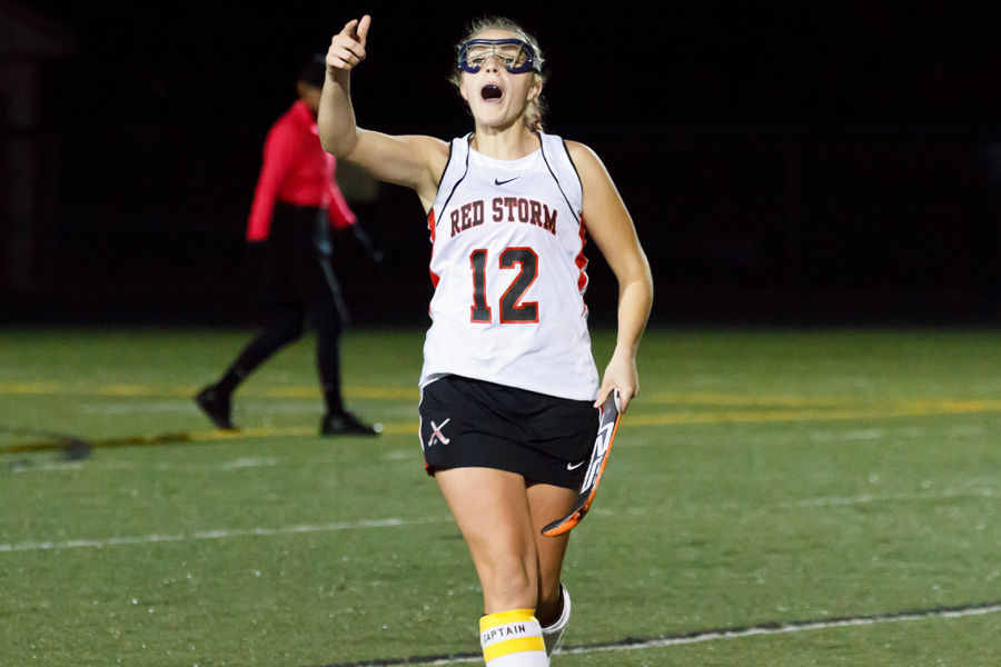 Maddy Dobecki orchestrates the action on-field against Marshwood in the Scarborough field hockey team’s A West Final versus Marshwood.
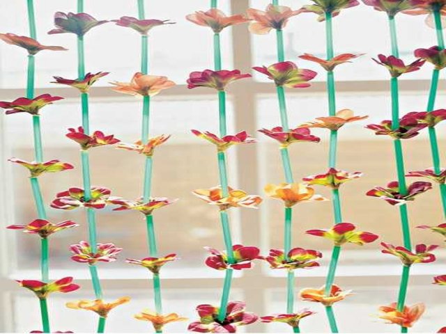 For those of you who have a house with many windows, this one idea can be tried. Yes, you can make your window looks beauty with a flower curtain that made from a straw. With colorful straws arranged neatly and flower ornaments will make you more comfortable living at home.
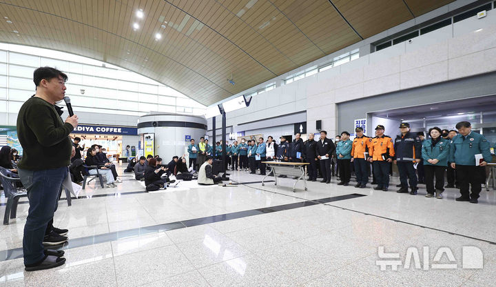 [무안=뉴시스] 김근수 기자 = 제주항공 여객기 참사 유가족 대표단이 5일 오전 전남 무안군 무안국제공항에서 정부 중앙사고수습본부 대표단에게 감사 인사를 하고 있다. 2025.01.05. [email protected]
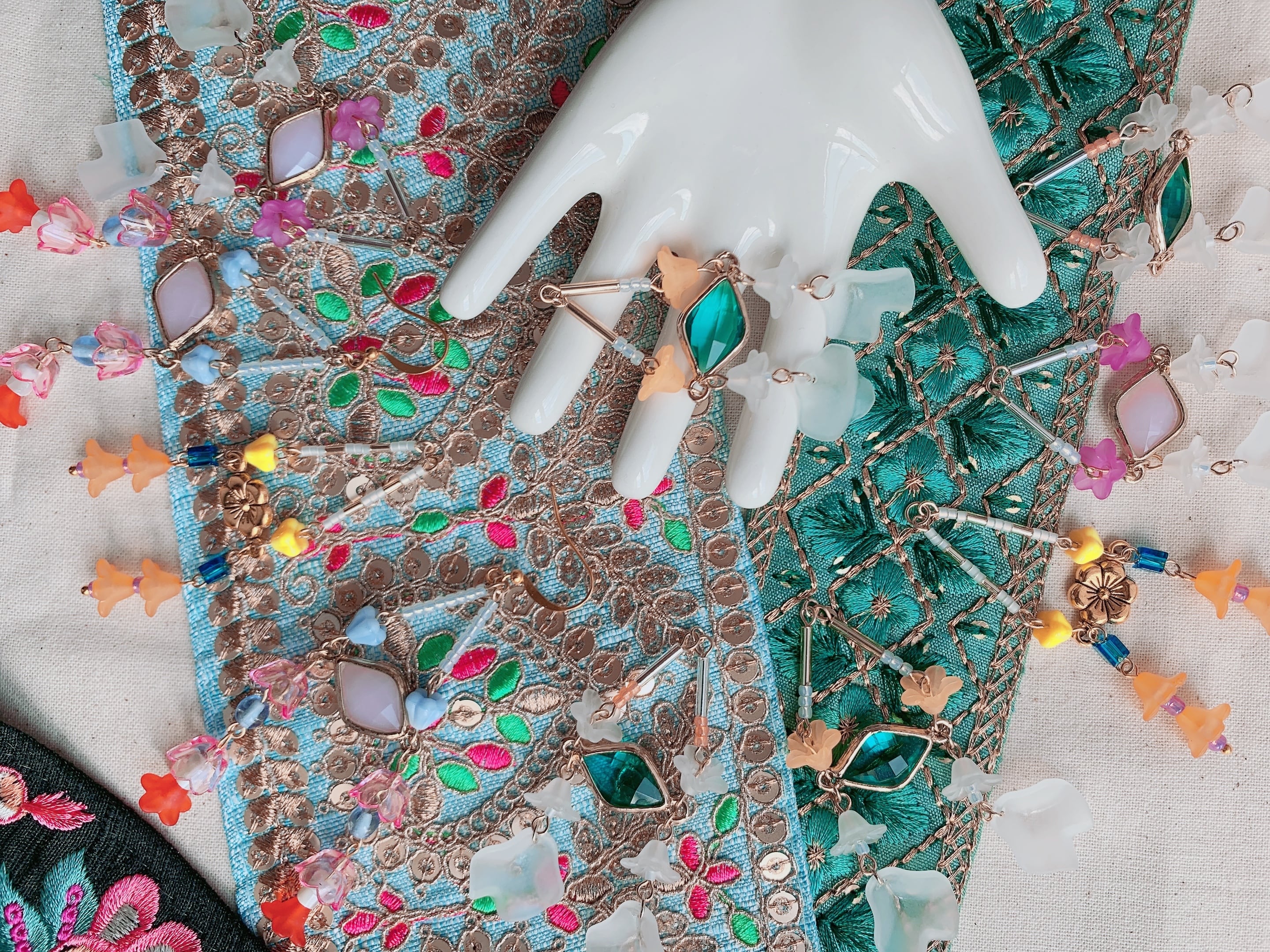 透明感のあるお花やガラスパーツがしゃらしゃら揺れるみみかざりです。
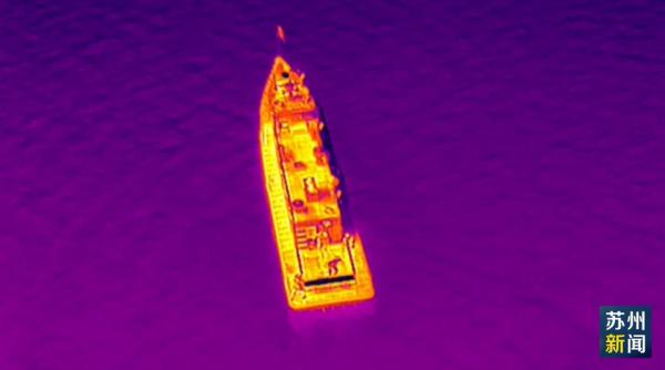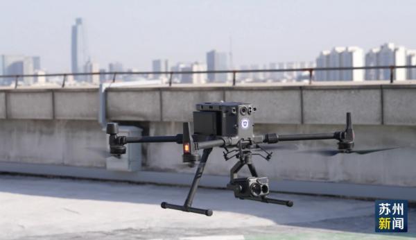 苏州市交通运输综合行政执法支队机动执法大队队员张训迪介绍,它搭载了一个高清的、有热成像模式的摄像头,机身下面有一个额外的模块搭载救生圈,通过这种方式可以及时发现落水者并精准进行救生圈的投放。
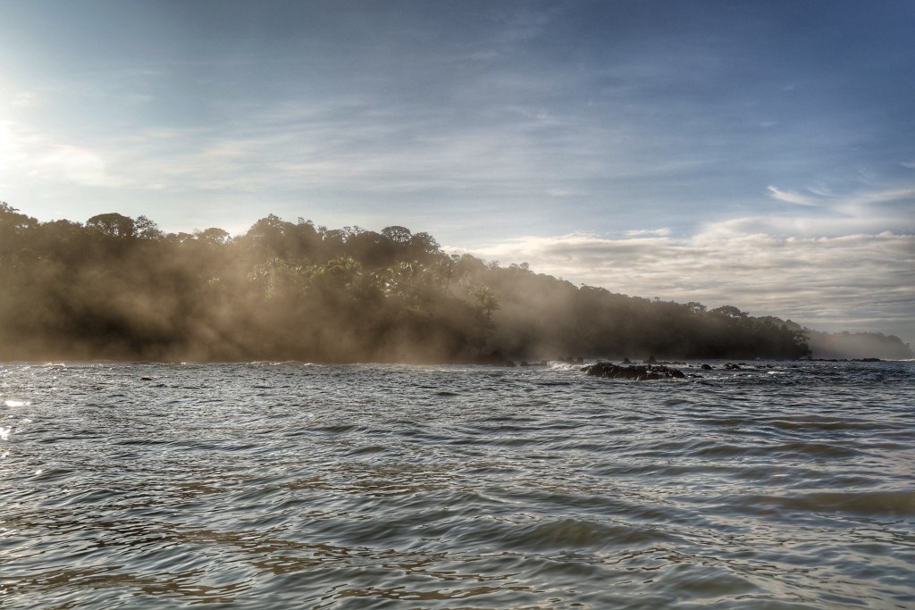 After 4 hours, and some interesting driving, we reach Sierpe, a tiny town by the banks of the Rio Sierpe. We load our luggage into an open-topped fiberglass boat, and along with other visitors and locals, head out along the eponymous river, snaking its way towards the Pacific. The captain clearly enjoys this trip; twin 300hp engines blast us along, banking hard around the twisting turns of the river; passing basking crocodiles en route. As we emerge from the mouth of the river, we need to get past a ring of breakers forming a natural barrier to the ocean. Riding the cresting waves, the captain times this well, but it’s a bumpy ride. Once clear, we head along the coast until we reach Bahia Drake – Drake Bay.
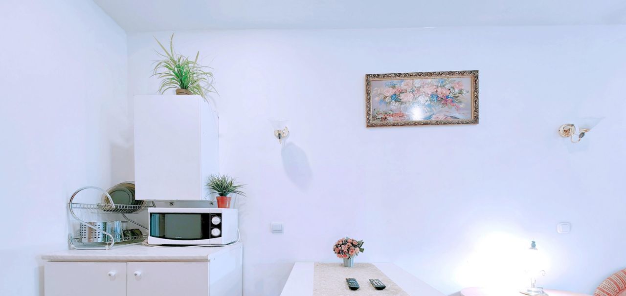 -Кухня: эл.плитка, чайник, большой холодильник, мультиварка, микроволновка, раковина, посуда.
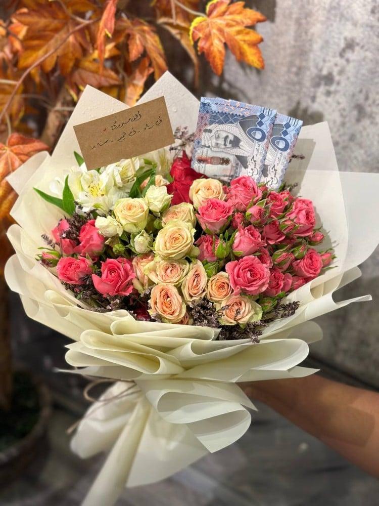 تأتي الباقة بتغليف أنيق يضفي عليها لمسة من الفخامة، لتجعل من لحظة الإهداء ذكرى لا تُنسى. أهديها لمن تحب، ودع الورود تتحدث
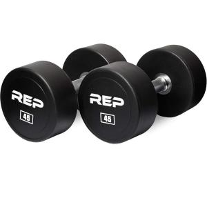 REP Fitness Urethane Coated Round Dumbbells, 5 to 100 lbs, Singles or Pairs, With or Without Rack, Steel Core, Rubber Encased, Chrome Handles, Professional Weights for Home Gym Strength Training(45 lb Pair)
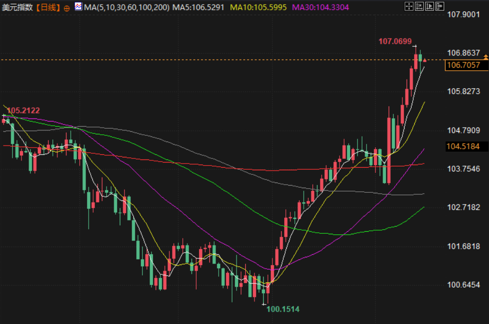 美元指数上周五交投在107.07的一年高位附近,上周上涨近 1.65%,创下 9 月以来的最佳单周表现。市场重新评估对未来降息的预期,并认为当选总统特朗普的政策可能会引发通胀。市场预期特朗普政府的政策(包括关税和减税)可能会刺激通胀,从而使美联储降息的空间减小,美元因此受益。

What the exercise asks
Please transcribe every entry above exactly, leaving out any pictures.

Answer for this exercise
 Maddy Dobecki orchestrates the action on-field against Marshwood in the Scarborough field hockey team’s A West Final versus Marshwood.
 For those of you who have a house with many windows, this one idea can be tried. Yes, you can make your window looks beauty with a flower curtain that made from a straw. With colorful straws arranged neatly and flower ornaments will make you more comfortable living at home.
 [무안=뉴시스] 김근수 기자 = 제주항공 여객기 참사 유가족 대표단이 5일 오전 전남 무안군 무안국제공항에서 정부 중앙사고수습본부 대표단에게 감사 인사를 하고 있다. 2025.01.05. [email protected]
 透明感のあるお花やガラスパーツがしゃらしゃら揺れるみみかざりです。
 苏州市交通运输综合行政执法支队机动执法大队队员张训迪介绍,它搭载了一个高清的、有热成像模式的摄像头,机身下面有一个额外的模块搭载救生圈,通过这种方式可以及时发现落水者并精准进行救生圈的投放。
 After 4 hours, and some interesting driving, we reach Sierpe, a tiny town by the banks of the Rio Sierpe. We load our luggage into an open-topped fiberglass boat, and along with other visitors and locals, head out along the eponymous river, snaking its way towards the Pacific. The captain clearly enjoys this trip; twin 300hp engines blast us along, banking hard around the twisting turns of the river; passing basking crocodiles en route. As we emerge from the mouth of the river, we need to get past a ring of breakers forming a natural barrier to the ocean. Riding the cresting waves, the captain times this well, but it’s a bumpy ride. Once clear, we head along the coast until we reach Bahia Drake – Drake Bay.
 -Кухня: эл.плитка, чайник, большой холодильник, мультиварка, микроволновка, раковина, посуда.
 تأتي الباقة بتغليف أنيق يضفي عليها لمسة من الفخامة، لتجعل من لحظة الإهداء ذكرى لا تُنسى. أهديها لمن تحب، ودع الورود تتحدث
 REP Fitness Urethane Coated Round Dumbbells, 5 to 100 lbs, Singles or Pairs, With or Without Rack, Steel Core, Rubber Encased, Chrome Handles, Professional Weights for Home Gym Strength Training(45 lb Pair)
 美元指数上周五交投在107.07的一年高位附近,上周上涨近 1.65%,创下 9 月以来的最佳单周表现。市场重新评估对未来降息的预期,并认为当选总统特朗普的政策可能会引发通胀。市场预期特朗普政府的政策(包括关税和减税)可能会刺激通胀,从而使美联储降息的空间减小,美元因此受益。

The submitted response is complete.